Somewhere below is a line with "Figure 2: Anthracnose" and, later, a line with "The below figures"; repeat those two lines and all the lines between them, exactly as they are.

- Dataset extract
= Beginning of Section =

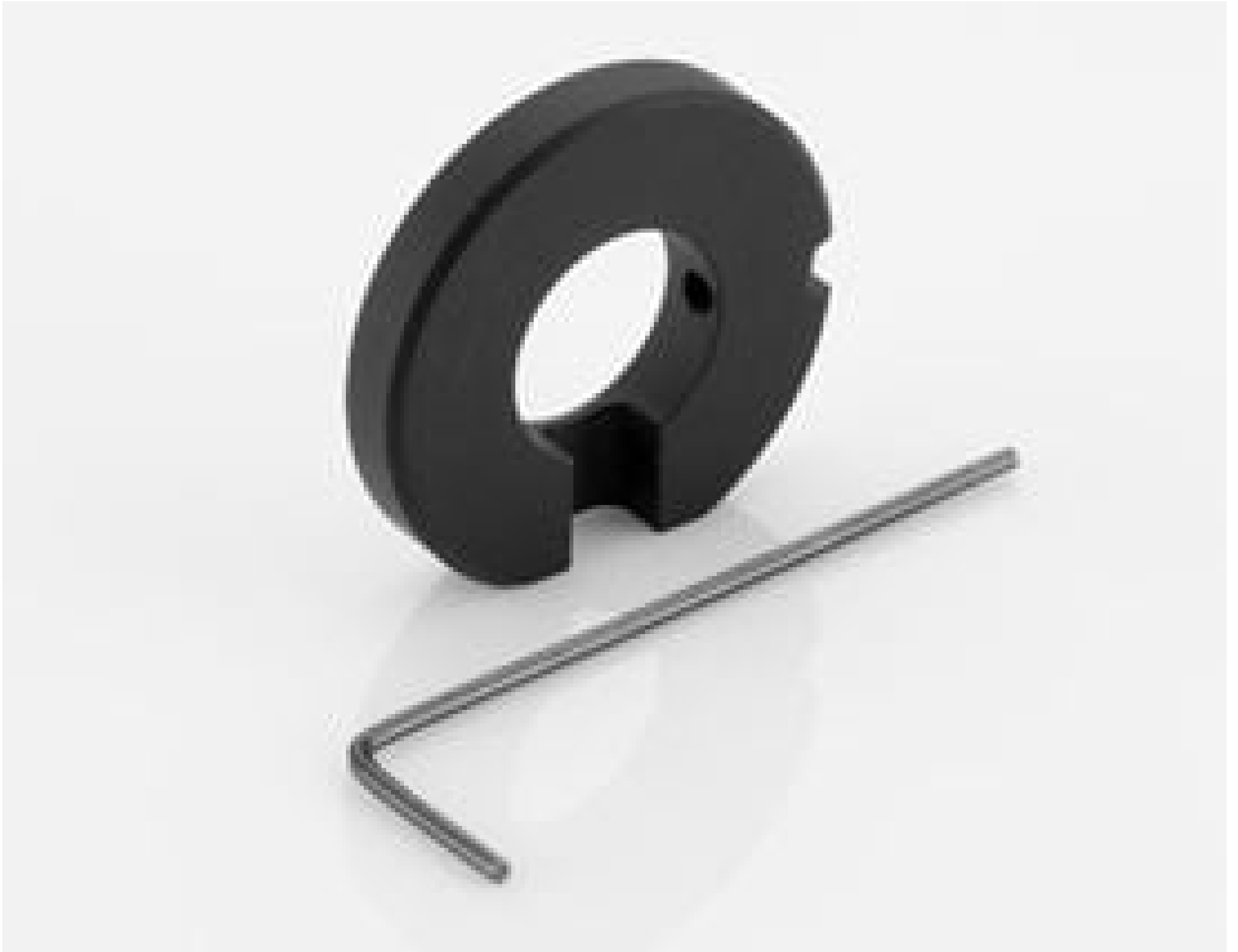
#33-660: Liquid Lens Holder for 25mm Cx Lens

= End of Section =
= Beginning of Section =

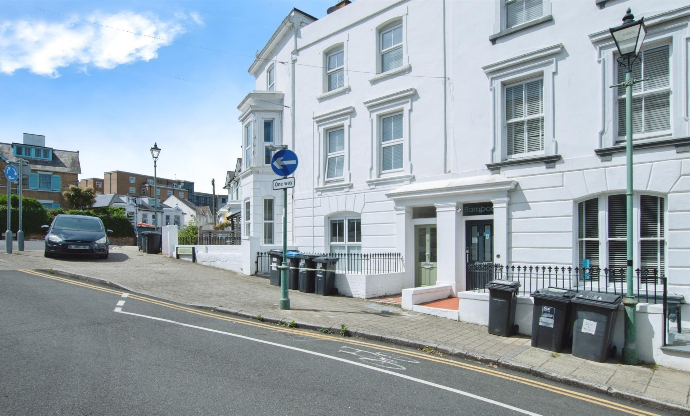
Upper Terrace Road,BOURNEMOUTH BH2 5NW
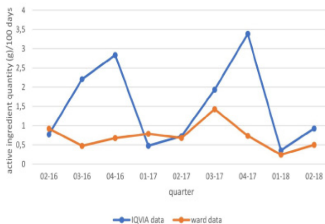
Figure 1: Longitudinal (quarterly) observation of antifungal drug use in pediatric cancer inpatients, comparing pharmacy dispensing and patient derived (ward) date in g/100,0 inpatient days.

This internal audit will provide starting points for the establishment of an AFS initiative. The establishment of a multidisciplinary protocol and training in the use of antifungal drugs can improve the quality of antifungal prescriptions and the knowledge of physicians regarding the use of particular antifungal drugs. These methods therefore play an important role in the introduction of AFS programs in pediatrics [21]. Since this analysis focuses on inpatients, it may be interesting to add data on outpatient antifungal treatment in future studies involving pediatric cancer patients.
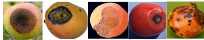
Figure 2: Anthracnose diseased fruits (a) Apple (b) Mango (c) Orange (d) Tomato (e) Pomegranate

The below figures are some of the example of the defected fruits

= End of Section =
= Beginning of Section =

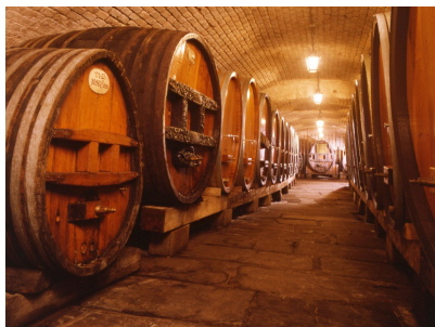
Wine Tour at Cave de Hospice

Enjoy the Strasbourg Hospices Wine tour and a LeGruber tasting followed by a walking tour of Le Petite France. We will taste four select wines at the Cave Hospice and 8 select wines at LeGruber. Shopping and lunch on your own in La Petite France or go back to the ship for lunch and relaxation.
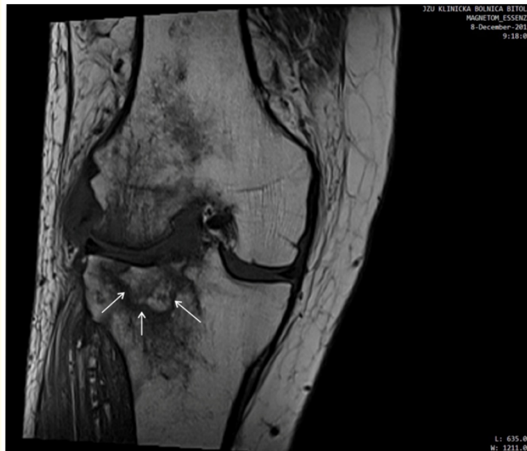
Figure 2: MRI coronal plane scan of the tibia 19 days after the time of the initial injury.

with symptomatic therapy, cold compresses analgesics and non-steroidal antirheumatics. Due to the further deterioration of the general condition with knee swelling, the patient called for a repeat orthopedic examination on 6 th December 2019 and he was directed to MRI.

= End of Section =

- Output for this task
Figure 2: Anthracnose diseased fruits (a) Apple (b) Mango (c) Orange (d) Tomato (e) Pomegranate

The below figures are some of the example of the defected fruits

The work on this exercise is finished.